Really enjoyed this, and appreciated you taking the time to avoid the usual hot takes in this space. And, if you don't mind, I'd like to complicate things a little.
Rie Kudan used ChatGPT to write roughly 5% of 'Sympathy Tower Tokyo'—not to save time, but because she needed a character voice she couldn't reach by trying: polished, affectively smoothed, fluent without friction. Her judges called it practically flawless without knowing how it was made. The 5% isn't separable from the rest of the text in any meaningful way that a classifier could find, because the writing required the model precisely because she couldn't reach that register alone.
Which suggests Pangram isn't just inaccurate: it's asking the wrong question. The human / AI boundary it polices doesn't correspond to anything real about how knowledge is made—which puts it in familiar territory.
I'm reminded of Leviathan and the Air-Pump, which showed that The Royal Society excluded Hobbes and the craftspeople who made Boyle's air pumps actually work, drawing a line that looked epistemic but was doing social work. Boyle's experiments didn't replicate because replication followed the skilled hands, not the manuscripts.
My only point is that False Negatives are by design.
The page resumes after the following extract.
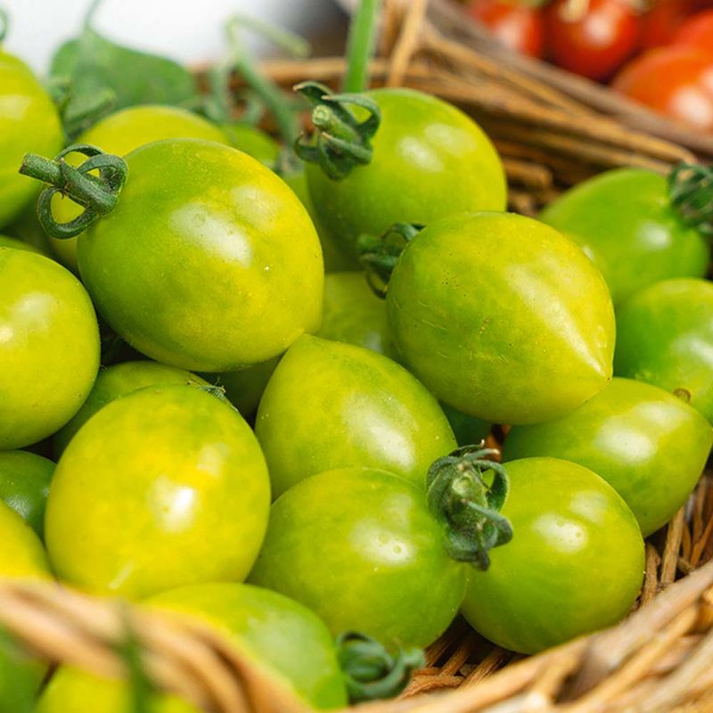 This cherry tomato is sweet and deliciously flavorful. The Grinch Dwarf Cherry Tomato is green to slightly yellow with 1 to 2 ounces of plum-shaped fruits which occasionally have a small tip on the blossom end. The plants have potato leaf foliage, grow up to 4' tall and should be supported. Great for containers and determinate in growth.

False Positives are where the concern lies.
Marc, your piece is both brave and deeply revealing.
The moment you describe — when you started running Substack posts, tweets, and LinkedIn articles through Pangram and suddenly began to distrust even good writing — is exactly the psychological poison I’ve been warning about. This is how the architecture of accusation quietly destroys the foundation of intellectual life: trust.
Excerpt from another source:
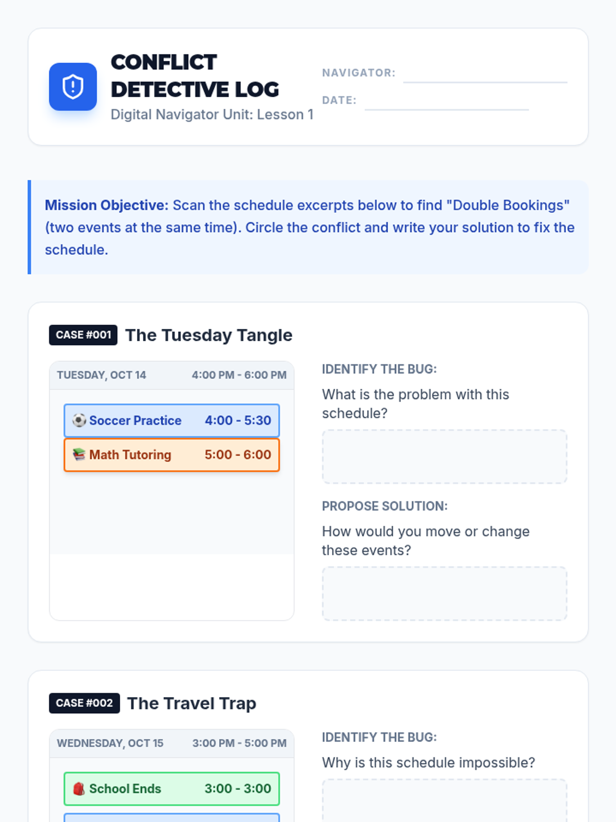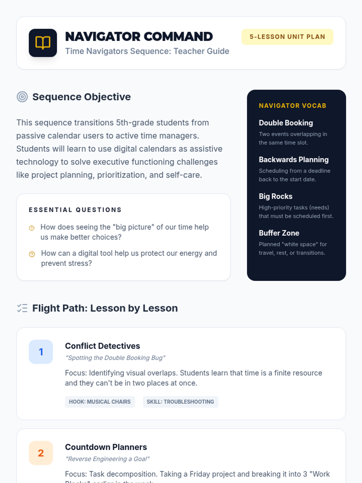 A 5th-grade sequence focusing on using digital calendars for independent planning, conflict resolution, and task prioritization. Students transition from passive scheduling to active time management, preparing them for the organizational demands of middle school.

When a probabilistic tool becomes the default lens through which we read each other, we don’t just question authorship. We begin to question competence itself. Clear style becomes “suspiciously structured.” Strong argumentation becomes “too polished.” That is the real damage.
I explored this mechanism in detail in my recent essay “Probably. How a single hedging word became the most powerful tool of institutional accusation in modern intellectual life — and what it is actually built to do," where I argue that we are no longer fighting misuse of AI — we are watching fear of AI being institutionalized into a new system of control:
https://olegmaltsev.substack.com/p/probably-the-most-dangerous-word-in-intellectual-life
Your personal experiment makes the abstract danger concrete. Thank you for writing it.
Reading while revising a manuscript...it’s one more reason I don’t trust AI detectors as judges of either learning or authenticity.
Thank you for this very helpful post.
Did you try typing out a section of a book (one you know wasn’t AI) and have it analyze it?